Animated surfaces are level surfaces of a neural network.
You can stop animation and choose level of surface yourself, note that demo shows surfaces with all equidistant levels that differ by integer:
f(x) = ... , level-1, level, level+1, ...
that is why animation is periodic.
Sparks that are following level surfaces demonstrate the regions with rapid change (small gradient), sparks' color demonstrates the level of surface they are following (red is higher). As the level is changing, the color of sparks also changes (from blue to red).
Network has 4 inputs: 3 spacial inputs (x, y, z) + intercept term (1), 8 hidden neurons in a single hidden layer (h1, ..., h8) and a single output. Weights of the network are connections between inputs and neurons in a hidden layer, and between neurons in a hidden layer and output.
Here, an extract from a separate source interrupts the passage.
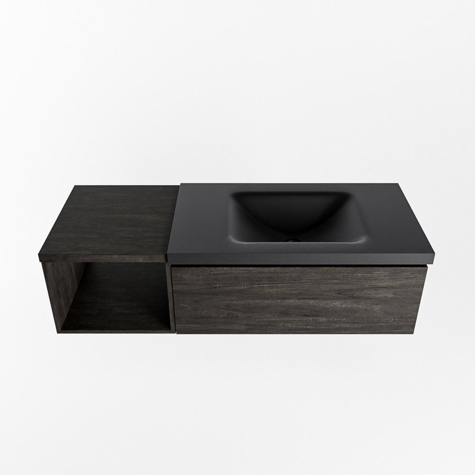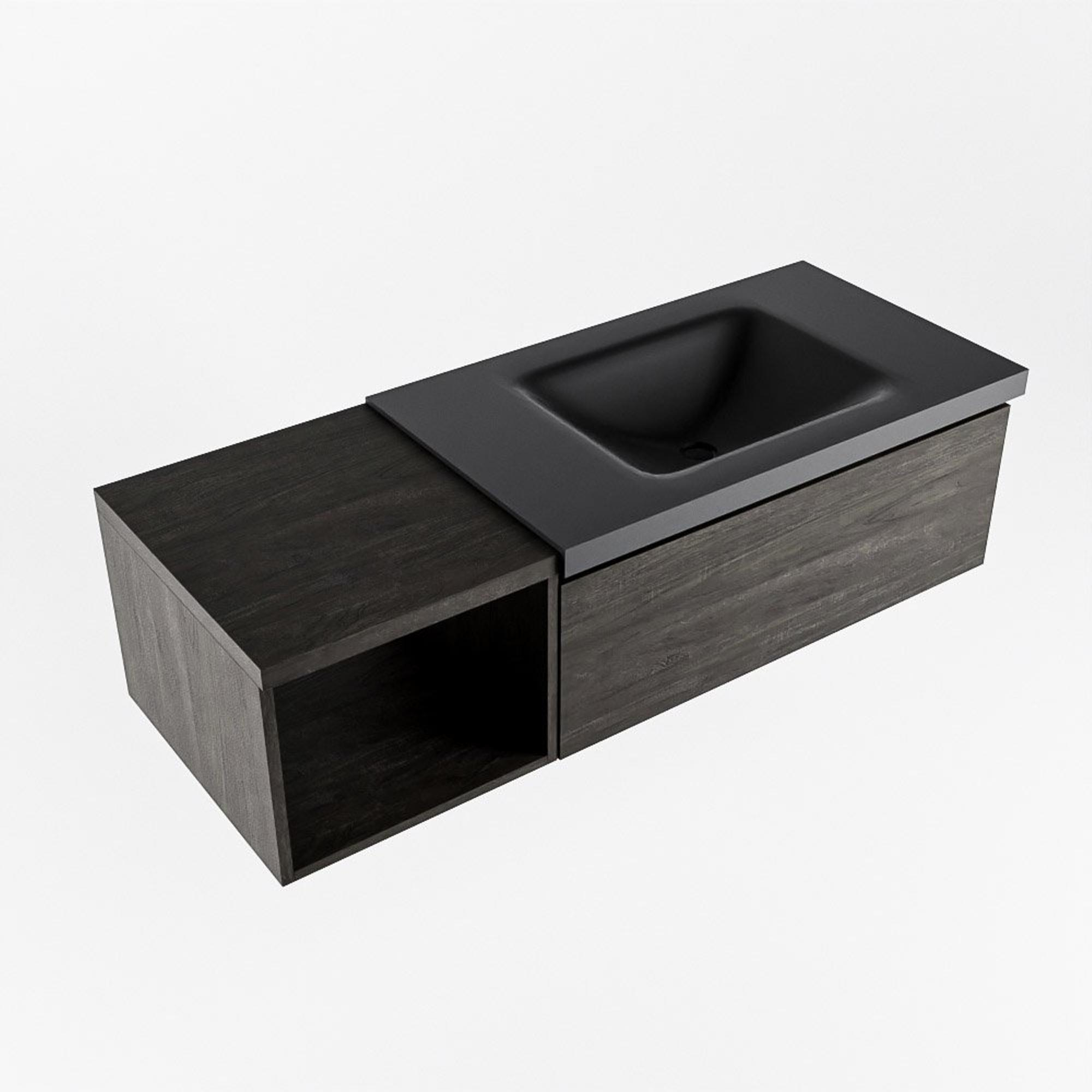 MONDIAZ BUKLA 120cm badmeubel met open module 40 kleur Dark Brown met 1 lade. Wastafel CLOUD rechts 0 kraangaten kleur Urban.

Tanh is used as an activation in hidden layer.
Circles in the scheme correspond to weights (parmeters) of a network and describe the strength of connection between neurons, red is +1, blue is -1. You can change the weights: position cursor over any circle and use mouse wheel.
This demonstration employs a variation of raymarching technique in computer graphics (also known as volume ray casting).
It is highly recommended to have a good GPU-acceleration to enjoy the picture, because in raymarching everything is computed with shaders only (and neural network is calculated with shaders as well).
Update: I've simplified the technique to ray-scanning + hord-like method. It is both faster and produces visually more consistent picture.